=== WHAT IS NEEDED ===
When you repeat the material, keep each line exact and omit the pictures.

=== DATA BELOW ===
_ _ _

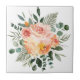 Fall Watercolor Rustic Pink Peach Flower Bouquet Ceramic Tile
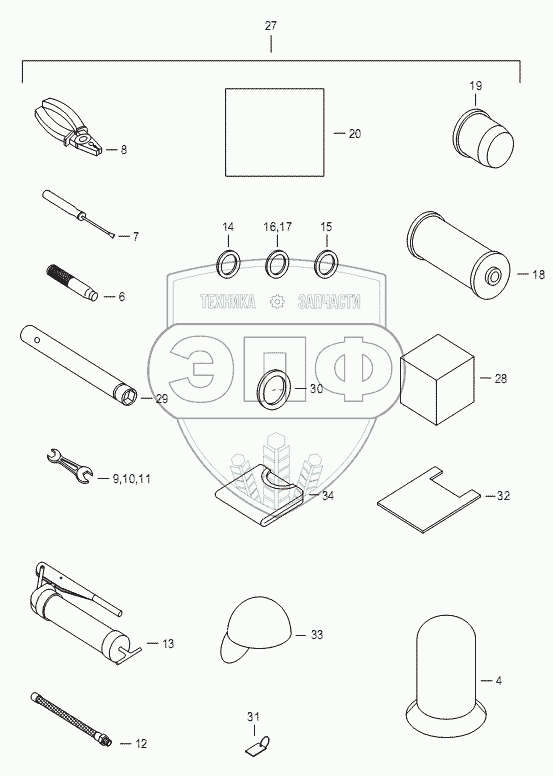 Каталог запасных частей к технике: WAY LOCUST L-752. Принадлежности
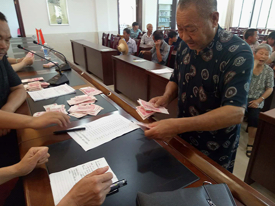 7月19日上午9点整,平江县审计局结对帮扶的石牛村村部会议室里喜气洋洋,一场别开生面的会议正在进行:在《广福源公司暨广惠源产业帮扶分红推进会》的大红会标映衬下,前台的办公桌上摆放着现金,35名贫困户在听到自己的名字后,依次上台签字,当场从工作人员手中领到了一笔产业扶贫红利……
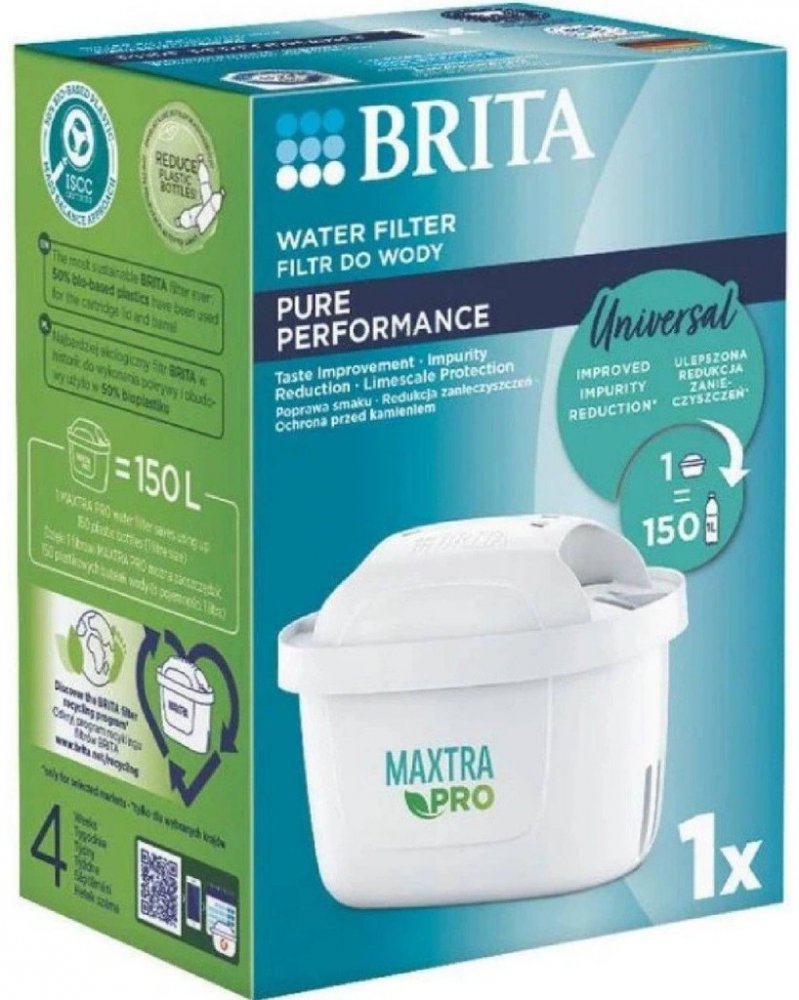 Filtrační vložka Brita Maxtra Pro představuje nejpokročilejší technologii pro filtrování vody od předního německého výrobce. Oproti předchozí generaci Maxtra+ je vybavena vysoce výkonnou filtrační síťkou, která je 4× účinnější při zadržování mechanických částic. Účinně redukuje chlór a jiné nežádoucí látky ovlivňující chuť, vodní kámen, stopy těžkých kovů, herbicidy, pesticidy, léčiva a jiné nečistoty. Díky filtru je výsledná voda čistší, chutnější a měkčí. Jedna patrona přefiltruje až 150 litrů vody a může být používána po dobu čtyř týdnů. K dispozici v baleních 1 ks, 3 ks nebo 6 ks. Brita Maxtra Pro Pure Performance je filtr ideální pro použití s měkkou až středně tvrdou vodou. Filtrační směs tvoří iontoměnič v podobě syntetické pryskyřice a mikročástice aktivního uhlí, které jsou vyrobeny ze skořápek kokosových ořechů. Tělo patrony je z 50 % tvořeno bioplastem, který lze recyklovat v rámci recyklačního programu Brita. Tento plast neobsahuje BPA a je tedy vhodný pro kontakt s pitnou vodou. Pro lokality s tvrdou vodou doporučujeme filtrační vložku Brita Maxtra Pro Hard Water Expert. Čtyři stupně filtrace Jemné sítko zachytí hrubé mechanické částice, které mohou pocházet např. ze starších vodovodních řadů. Aktivní uhlí - při kontaktu vody s přírodním mikrokarbonem (vyrobeným z kokosových skořápek) dojde k výraznému snížení látek negativně ovlivňujících chuť a vůni vody - zejména chlóru, pesticidů a herbicidů. Tyto látky se zachytí na porézním povrchu mikročástic aktivního uhlí (Micro Carbon Pearls). Voda tak získá zpět svou čistotu, svěžest a lahodnou chuť. Pryskyřice (iontoměnič) redukuje uhličitanovou tvrdost vody (vodní kámen) a tím chrání vaše spotřebiče a absorbuje těžké kovy (olovo, měď). Extra jemná filtrační síťka zachytí i mikročástice ( ≥ 30 µm).

_ _ _

=== ANSWER TO THIS EXERCISE ===
 Fall Watercolor Rustic Pink Peach Flower Bouquet Ceramic Tile
 Каталог запасных частей к технике: WAY LOCUST L-752. Принадлежности
 7月19日上午9点整,平江县审计局结对帮扶的石牛村村部会议室里喜气洋洋,一场别开生面的会议正在进行:在《广福源公司暨广惠源产业帮扶分红推进会》的大红会标映衬下,前台的办公桌上摆放着现金,35名贫困户在听到自己的名字后,依次上台签字,当场从工作人员手中领到了一笔产业扶贫红利……
 Filtrační vložka Brita Maxtra Pro představuje nejpokročilejší technologii pro filtrování vody od předního německého výrobce. Oproti předchozí generaci Maxtra+ je vybavena vysoce výkonnou filtrační síťkou, která je 4× účinnější při zadržování mechanických částic. Účinně redukuje chlór a jiné nežádoucí látky ovlivňující chuť, vodní kámen, stopy těžkých kovů, herbicidy, pesticidy, léčiva a jiné nečistoty. Díky filtru je výsledná voda čistší, chutnější a měkčí. Jedna patrona přefiltruje až 150 litrů vody a může být používána po dobu čtyř týdnů. K dispozici v baleních 1 ks, 3 ks nebo 6 ks. Brita Maxtra Pro Pure Performance je filtr ideální pro použití s měkkou až středně tvrdou vodou. Filtrační směs tvoří iontoměnič v podobě syntetické pryskyřice a mikročástice aktivního uhlí, které jsou vyrobeny ze skořápek kokosových ořechů. Tělo patrony je z 50 % tvořeno bioplastem, který lze recyklovat v rámci recyklačního programu Brita. Tento plast neobsahuje BPA a je tedy vhodný pro kontakt s pitnou vodou. Pro lokality s tvrdou vodou doporučujeme filtrační vložku Brita Maxtra Pro Hard Water Expert. Čtyři stupně filtrace Jemné sítko zachytí hrubé mechanické částice, které mohou pocházet např. ze starších vodovodních řadů. Aktivní uhlí - při kontaktu vody s přírodním mikrokarbonem (vyrobeným z kokosových skořápek) dojde k výraznému snížení látek negativně ovlivňujících chuť a vůni vody - zejména chlóru, pesticidů a herbicidů. Tyto látky se zachytí na porézním povrchu mikročástic aktivního uhlí (Micro Carbon Pearls). Voda tak získá zpět svou čistotu, svěžest a lahodnou chuť. Pryskyřice (iontoměnič) redukuje uhličitanovou tvrdost vody (vodní kámen) a tím chrání vaše spotřebiče a absorbuje těžké kovy (olovo, měď). Extra jemná filtrační síťka zachytí i mikročástice ( ≥ 30 µm).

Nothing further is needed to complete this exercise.